Inotiv, Inc. announced the expansion of the company’s safety pharmacology offering with the validation and verification of a cardiopulmonary telemetry study model in cynomolgus macaques. Offered through Inotiv’s Discovery and Safety Assessment business, telemetry allows for the continuous observation of ECG, respiratory rate and volume, blood pressure and other cardiovascular parameters during preclinical safety studies.
“The ICH S6 regulatory guidance on Preclinical Safety Evaluation of Biotechnology-Derived Pharmaceuticals indicates that safety pharmacology studies should be completed to reveal any test article related functional effects on the major organ systems including cardiovascular, respiratory, and central nervous system,” said Tyler Speece, Director of Safety Pharmacology at Inotiv. “The cynomolgus macaque is frequently the only pharmacologically relevant species for the testing of biologics due to their anatomic and physiologic similarities to humans.”

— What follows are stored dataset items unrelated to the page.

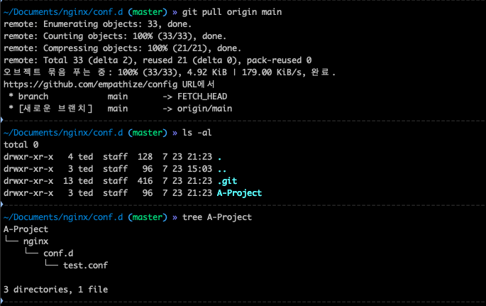 다음과 같은 피알이 있고 우리는 conf.d 안에 있는 파일 을 git으로 내려 받을 겁니다.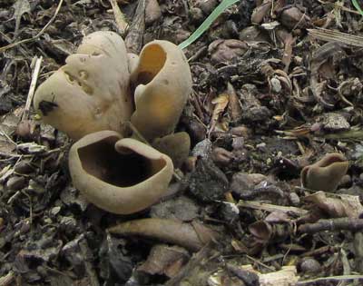 Echt Hazenoor of Otidea leporina, tussen strooisel, hoofdzakelijk onder den, ook onder loofbomen.
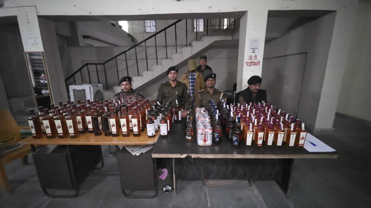 87 लीटर अंग्रेजी शराब बरामद प्रतिनिधि, अकबरपुर. नेमदारगंज थाना क्षेत्र में पुलिस ने शराब के साथ एक धंधेबाज को गिरफ्तार किया है. यह कार्रवाई बीती रात गुरुवार को हुई है. पुलिस को गुप्त सूचना मिली थी कि राजापुर इंदौल गांव में एक दुकान से शराब की बिक्री की जा रही है. सूचना के आधार पर नेमदारगंज थाना की पुलिस ने छापेमारी की. इस छापेमारी के दौरान राजापुर इंदौल गांव निवासी उपेंद्र कुमार की दुकान से अंग्रेजी शराब बरामद हुई. पुलिस ने मौके से रॉयल स्टैग 750 एमएल की 47 बोतल, रॉयल स्टैग 375 एमएल की 59 बोतल, स्टर्लिंग रिजर्व बी7 (750 एमएल) की 15 बोतल, आइकॉनिक व्हाइट (750 एमएल) की 11 बोतल, ब्लेंडर्स प्राइड 350 एमएल की 6 बोतल और बियर की 15 बोतल बरामद हुई. इस प्रकार कुल 86.625 लीटर अवैध शराब जब्त की गयी है. पुलिस ने मौके से आरोपित उपेंद्र कुमार को गिरफ्तार कर लिया है. इस संबंध में नेमदारगंज थाना कांड संख्या 459/25 के तहत बिहार मद्य निषेध एवं उत्पाद अधिनियम के अंतर्गत मामला दर्ज किया गया है. गिरफ्तार अभियुक्त को आवश्यक कानूनी प्रक्रिया पूरी करने के बाद जेल भेज दिया गया है. नेमदरगंज थाना के सब इंस्पेक्टर रंजीत कुमार ने बताया कि शराबबंदी कानून का उल्लंघन करने वालों के विरुद्ध आगे भी सख्त कार्रवाई जारी रहेगी.

Speece continued, “We’re pleased to offer combined telemetry study models that assess potential test article related effects on the cardiovascular and respiratory systems, performed simultaneously in the same animals—an added benefit of which aligns with the principles of the 3Rs: Replacement, Reduction and Refinement. Researchers can reduce the number of animals needed for testing, minimize distress caused by repeated testing, and ultimately improve animal welfare.”
Together with cardiopulmonary telemetry study offerings in other rodent and non-rodent species, Inotiv can now provide complete Good Laboratory Practice (GLP) safety pharmacology testing solutions to assist with the development of biologics as well as small molecules. With this newly added offering and available capacity, the Company expects to further enable clients to confidently navigate the regulatory landscape and accelerate the development of their products.

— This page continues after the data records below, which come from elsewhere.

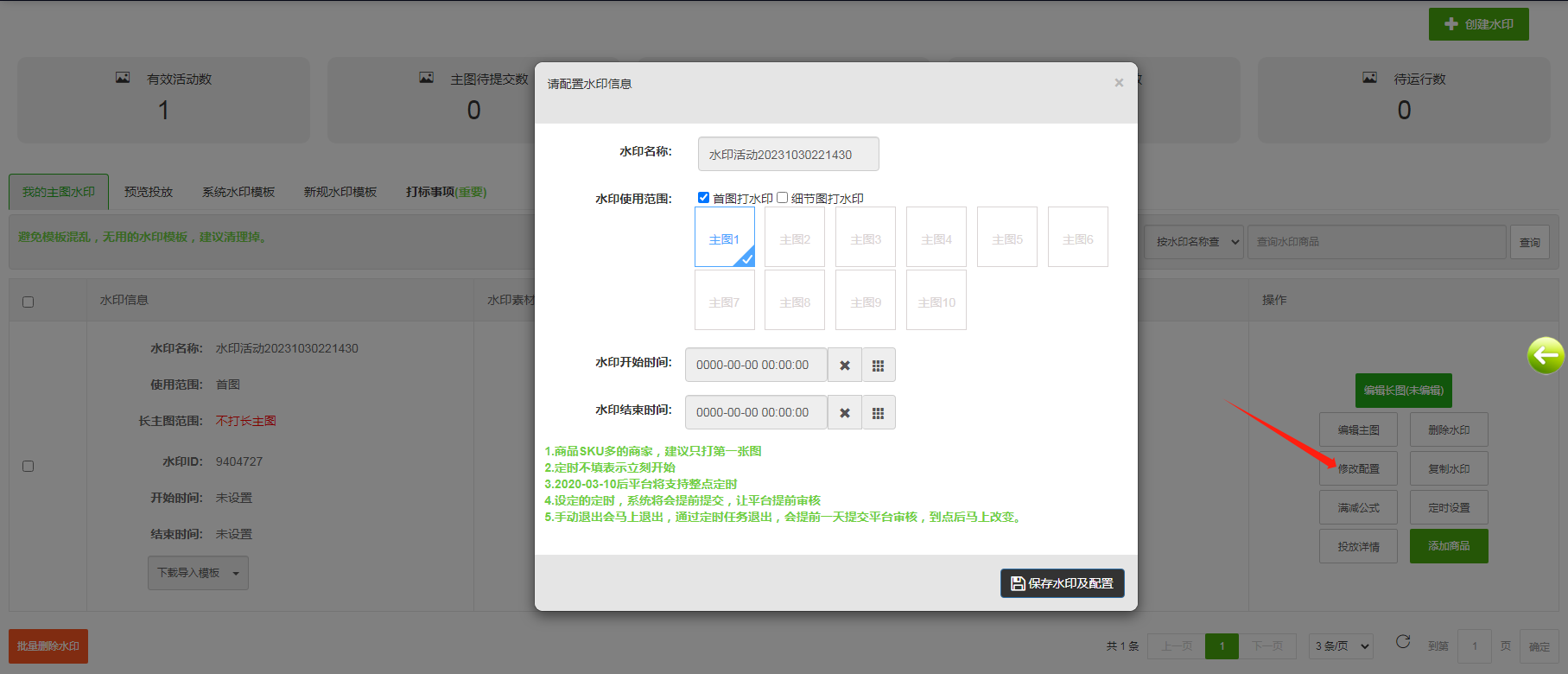 修改配置,正常是用于修改水印任务定时退出时间,自营店退出商品也是需要审核,为了避免跟打标的商品时间重叠,系统设置退出时间设置必须大于20个小时以上.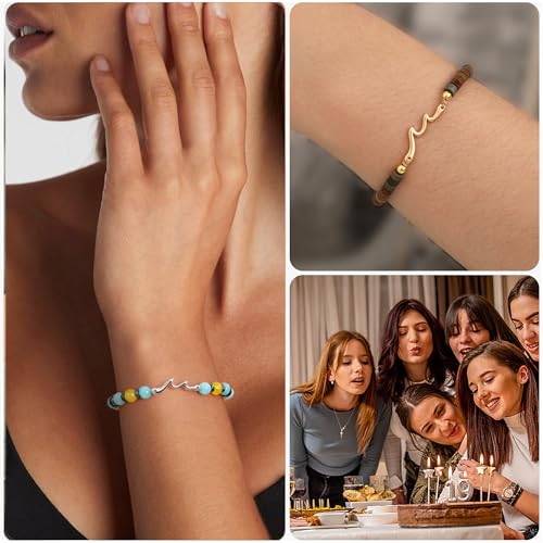 HOT ! 30th 40th 50th 60th 70th Birthday Gifts for Women Beaded Bracelets for Women with Wave, Wave Bracelet for Woman 10th 13h 16th 21st Bithday Gifts for Teen Girl Trendy Stuff Sister Friend Inspirational Get Well Feel Better Gift Jewelry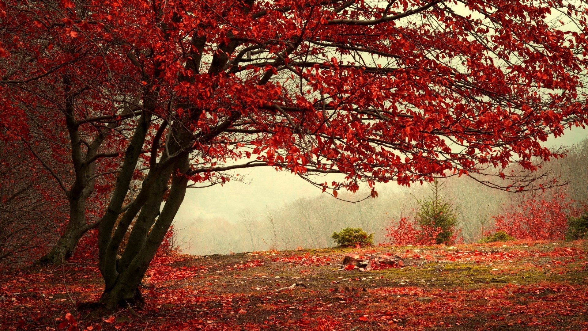Albero autunnale in foglie rosse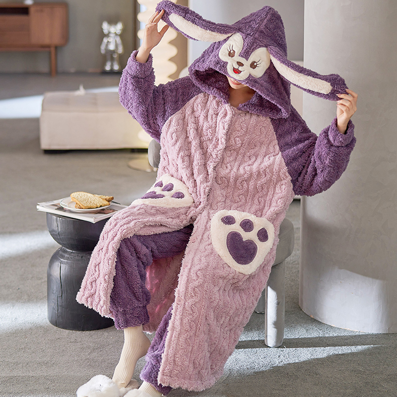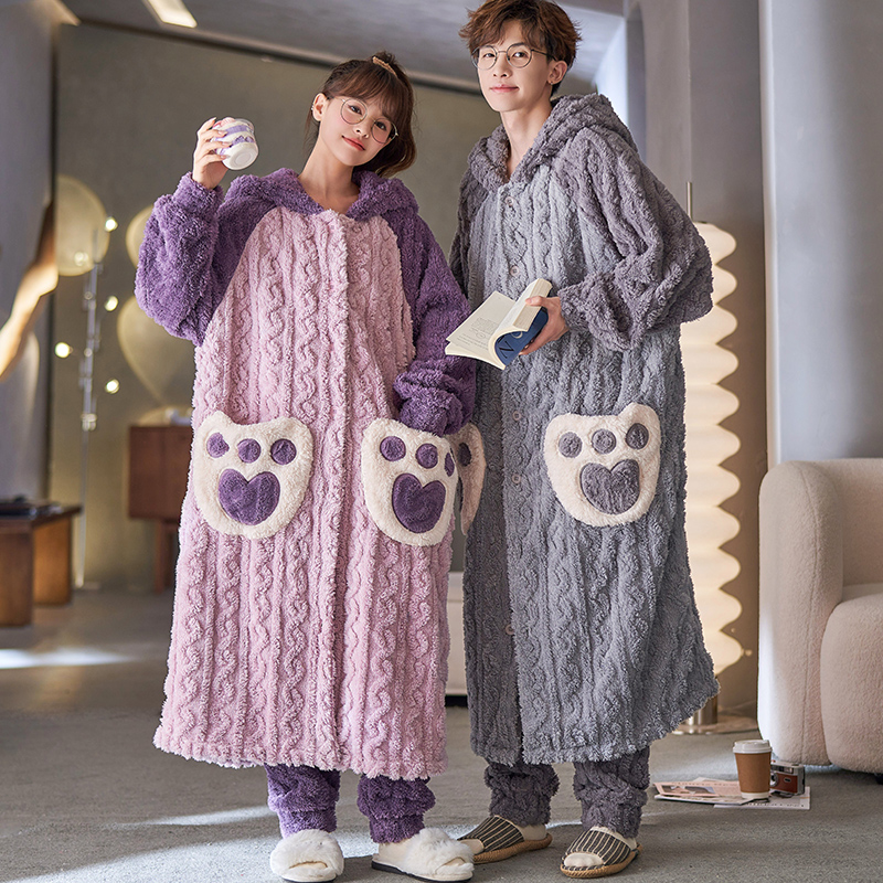 加厚加绒男女睡袍家居服套装 情侣睡衣冬季 珊瑚绒可爱法兰绒秋冬款

"Inotiv is dedicated to providing our clients with innovative and reliable solutions that meet their project needs," said John Sagartz, Chief Strategy Officer. "This expanded offering allows us to provide our clients with the high-quality, GLP safety pharmacology testing solutions they need by combining evaluation of cardiac and respiratory endpoints within the same study, thereby minimizing the need for separate experiments to achieve these goals."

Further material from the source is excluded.